Vielfach wird daran kritisiert, dass die Durchschnittswerte verfälscht seien. Es sind Durchschnittswerte – und viele Kleinrenten werden von Beamten bezogen, die zusätzlich eine hohe Pension beziehen und damit gut versorgt sind. Auch Freiberufler sind darunter, die Mini-Renten aus früherer Kurzzeit-Beschäftigung beziehen und möglicherweise selbst vorgesorgt haben.
Aber das gilt auch in Griechenland. Deren Rentensystem orientiert sich noch an einer Vollversorgung im Alter, die den Deutschen längst gestrichen wurde.

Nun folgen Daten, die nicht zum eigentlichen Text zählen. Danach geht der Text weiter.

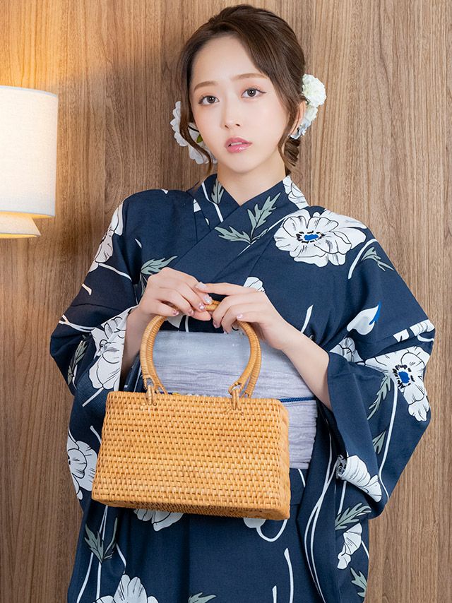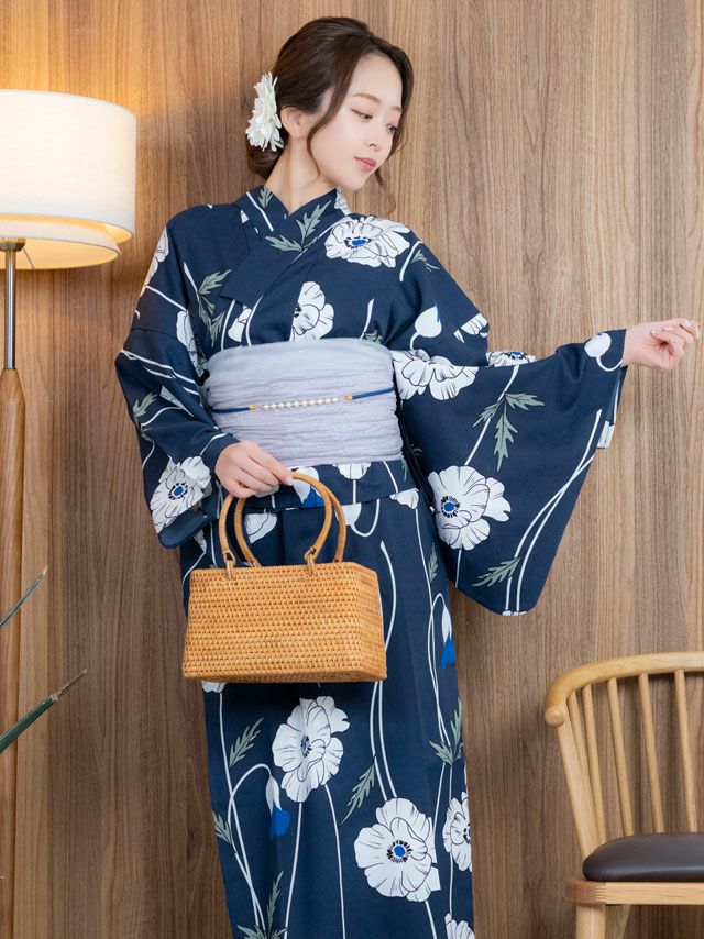 ワンピース 紺地 線画 ポピー   ゆかた3点セットのセット内容

Vergleichsweise hohe Renten, sagt die OECD
Rentnern in Griechenland werden im Alter doppelt so hohe Bezüge versprochen wie deutschen. Wie die Daten des OECD-Berichts über die Renten aus dem vergangenen Jahr zeigen, bekommen Griechen durchschnittlich fast 82 Prozent ihres Arbeits- Einkommens in der Rente ausbezahlt.
In Deutschland bekommen Rentner lediglich 39 Prozent ihres Durchschnittseinkommens. Das bedeutet: Mit der Rente ist der Lebensstandard nicht mehr zu halten. Die Altersarmut wird rapide zunehmen. Obwohl in Deutschland die Durchschnittseinkommen höher liegen, bekommen Griechen der OECD zufolge insgesamt durchschnittlich 45.000 Euro mehr Rente als Deutsche.
Zwar haben viele Deutsche vorgesorgt, etwa mit Betriebsrenten, Riester-Renten oder Lebensversicherungen. Durch die Null-Zinspolitik der Europäischen Zentralbank, die die Zinsen künstlich senkt, um die Finanzierung der Haushaltsdefizite im Süden Europas zu ermöglichen, werden aber auch diese Einkommen entwertet. Insgesamt ergibt sich dabei für die Jahre 2010 bis 2014 laut der DZ-Bank, die dazu einen Bericht vorgelegt hat, ein Zinsverlust für Sparer und Lebensversicherte von 112,5 Milliarden Euro. In diesem Jahr dürfte der Betrag um weitere 71 Milliarden Euro steigen. Die Beträge ergeben sich aus einem Vergleich der aktuellen Durchschnittszinsen mit den früheren Werten. Im Jahr 2014 erhielten Sparer durchschnittlich 0,6 Prozent Zinsen, in den Jahren zwischen 1999 und 2009 lag der Satz bei 2,3 Prozent. Die Differenz wurde als Zinsverlust angesetzt. Die Bundeszentrale der Verbraucherverbände spricht daher von einer massiven Altersarmut, die in den kommenden Jahren zu erwarten ist.
Renten höher als Leistungsfähigkeit der Wirtschaft
Diese Renten strangulieren den griechischen Haushalt. 17,5 Prozent des Bruttoinlandsprodukts gehen an die Rentner; in Deutschland sind es nur 12,1 %. Seither sind in Griechenland zwar die Renten gekürzt worden, aber auch die Wirtschaftsleistung ist um ein Viertel gefallen.
Dabei ist die griechische Bevölkerung ähnlich überaltert wie die deutsche und hat ein vergleichbar niedrige Geburtenzahl. Damit muss das griechische Rentensystem schon aus eigener Verantwortung abgesenkt werden. Es kann nicht sein, dass Deutschland auch noch die demographischen Lasten dieses Landes übernimmt.
Damit bleibt als Fazit: Wer in Deutschland von einer verzweifelten Lage griechischer Rentner spricht, sollte sich mal mit einem Rentner aus der Nachbarschaft unterhalten. Besser ist die Lage der deutschen Rentner gewiss nicht.
Im Deutschen Bundestag werden diese Zahlen in der Debatte am Freitag voraussichtlich keine Rolle spielen.